Madame Ferrand had invested the sum total of her meagre savings in these modest premises twenty years earlier. She had had no hesitation in entrusting little Bernard, then aged two, to the care of her parents, leaving her free to seek her fortune in Vals-les-Bains. Why Vals-les-Bains? Perhaps because of Jean Ferrat, whose revolutionary lyrics could not fail to ignite the pure working-class heart of a mother seduced by a stockbroker from Lyon, who vanished without trace when baby Bernard was born. Unless it was something as mundane as an ad in
Le Dauphiné
that put the idea into her head one lonely evening, kindling in her the hope of escaping her unremittingly squalid fate.

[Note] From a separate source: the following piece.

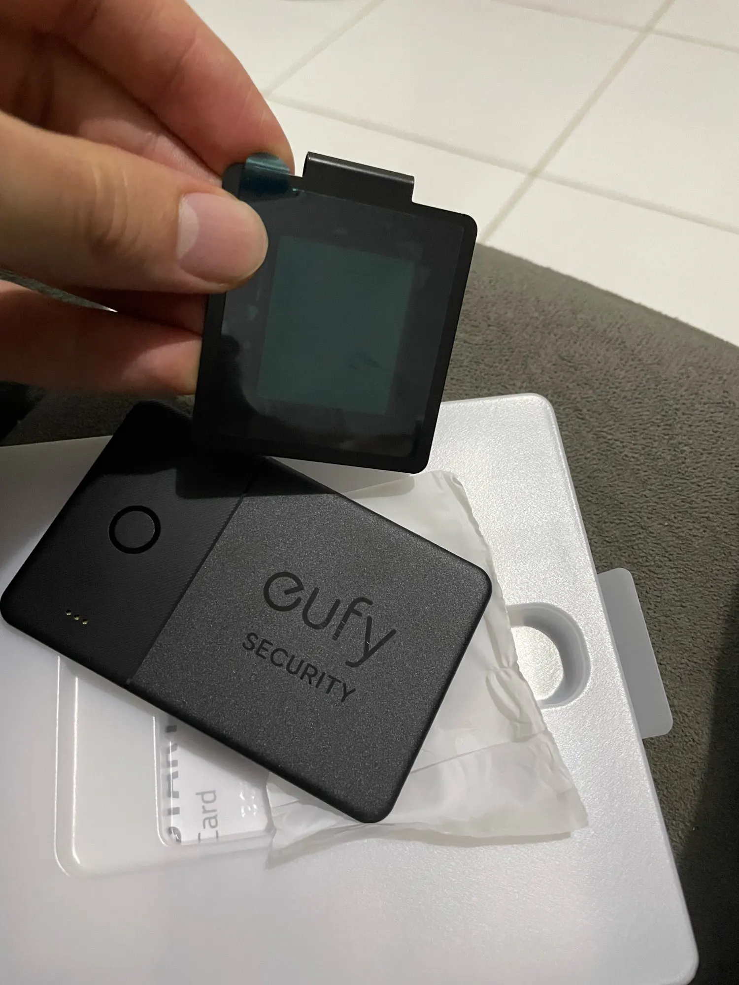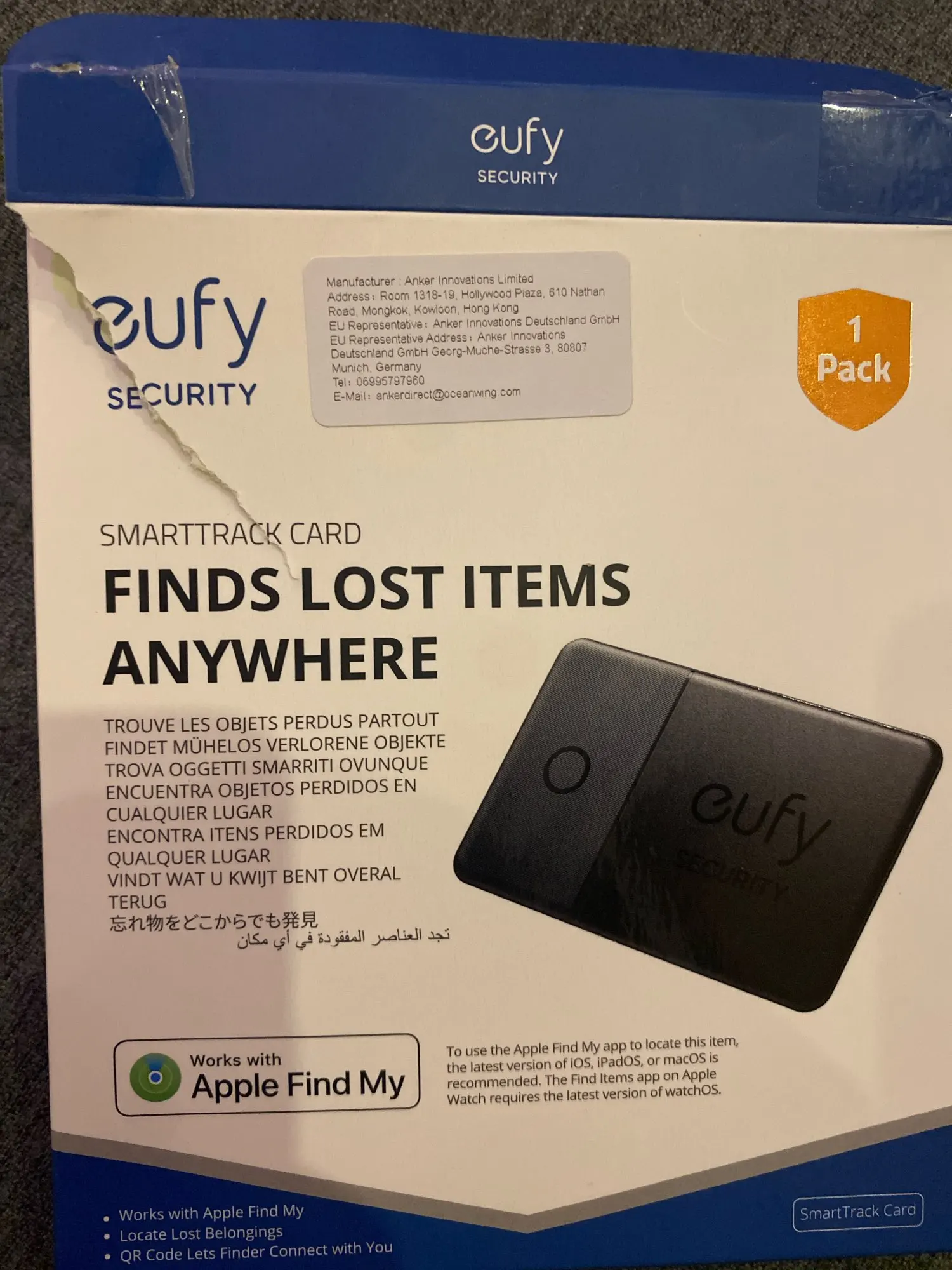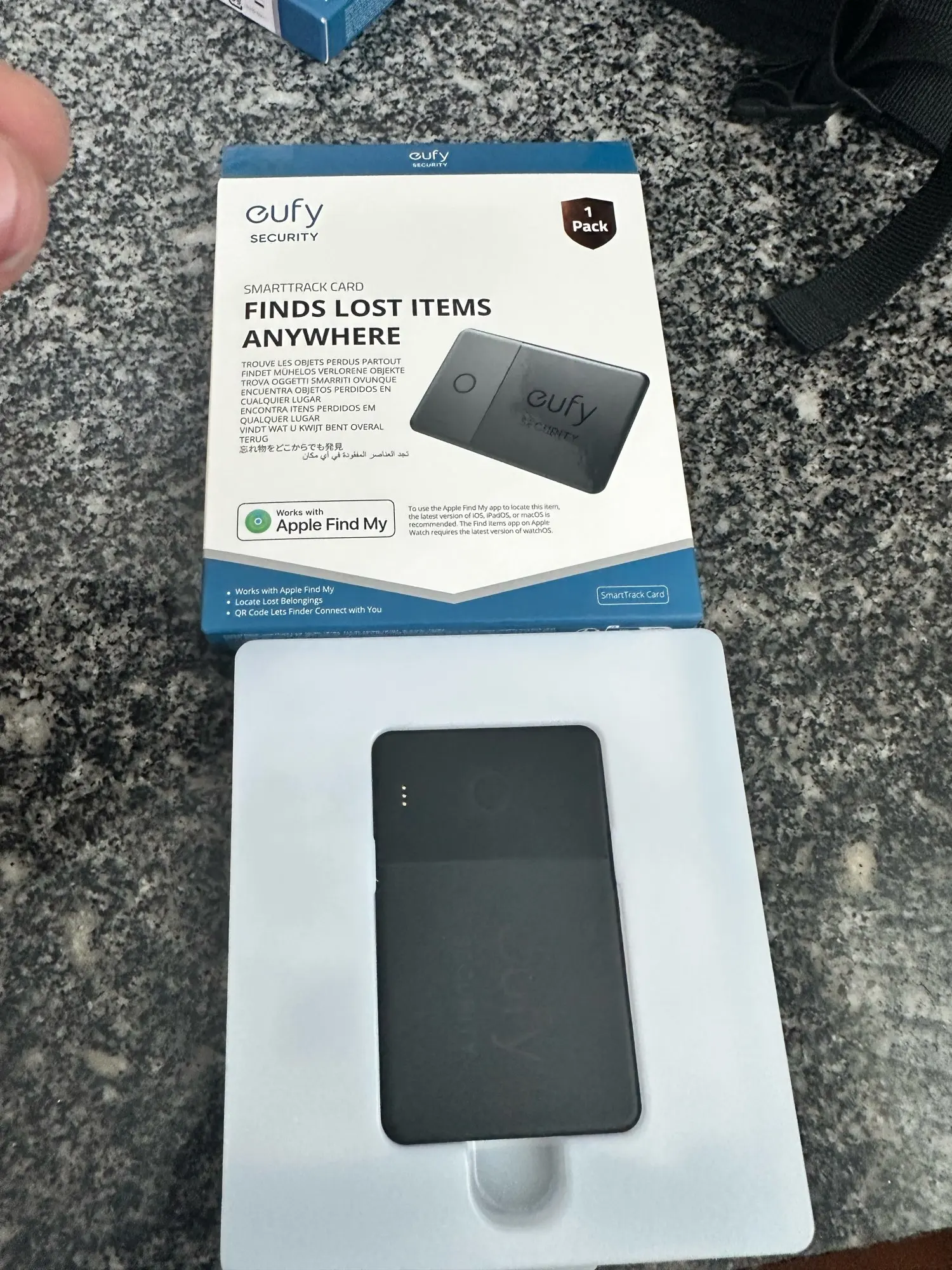 Карта поставляется в конверте с воздушными пузырьками с хорошей подкладкой. Действительно профессиональная упаковка. Приложение Eufy не нужно для отслеживания (только для нажатия кнопки на карте, чтобы позвонить на телефон). Настройка карты с помощью fin My очень проста, все, что вам нужно сделать, это удерживать кнопку в течение 3 секунд и нажать кнопку add new device в приложении fide My. Толщина карты составляет всего 3/4 мм, размер кредитной карты. Единственным недостатком является то, что аккумулятор не заменяется, поэтому, когда он разрядился, его нужно выбросить.

She was thirty-five, feisty, determined, good with her hands and not without talent. Ignoring the derision of neighbouring shopkeepers, she worked on her hats by night and fixed the place up during the day, successfully transforming an old-fashioned haberdasher’s into a stylish millinery boutique in the space of a month. Chez Anaïs opened on schedule at the end of May, just in time for the tourist season. But by October, she had to face facts: she had not found her clientele. Her extravagant headpieces certainly amused the spa visitors who came to try them on, giggling in front of the mirrors, but they never bought anything.

After a period of understandable despondency, she
sold her stock to a ragman for next to nothing and, with the same enthusiasm and pugnacity as before, opened a local handicrafts shop with a young hippy by the name of Daphne. A new sign, ‘Aux Herbes Tendres’, went up in place of the old. They sold beeswax candles, real leather belts and bags, brass jewellery, weird preserves, strange infusions and incense sticks, a lot of incense sticks, some of which were kept tucked inside Daphne’s long woollen coat. Business was going pretty well until the day Anaïs’s partner ran off with the till, leaving her with nothing but her eyes to cry with, a few armfuls of lavender and bitter memories of her first Sapphic love affair. ‘
La femme est l’avenir de l’homme
,’ crooned Jean Ferrat, so couldn’t a woman be another woman’s future too? She was furious with Jean Ferrat that autumn and furious with the rest of humanity too, which is what set her thinking about going into dog grooming. You rarely come across a retired couple on a spa break without one of those hideous golden poodles in tow. Of course, Anaïs knew nothing about dogs and the equipment costs would be substantial, but nothing ventured, nothing gained. This time, she was sure she was onto something. She’d had it with the human race and was putting her faith in man’s best friend. Come spring, Madame Ferrand donned an immaculate white coat to welcome the first customers to her pooch parlour. But at the beginning of July, she was forced to close the doors due to an unfortunate incident. A faulty switch on a drier had turned a dachshund called Caruso into a hot dog. The sale of the equipment just about covered the legal fees.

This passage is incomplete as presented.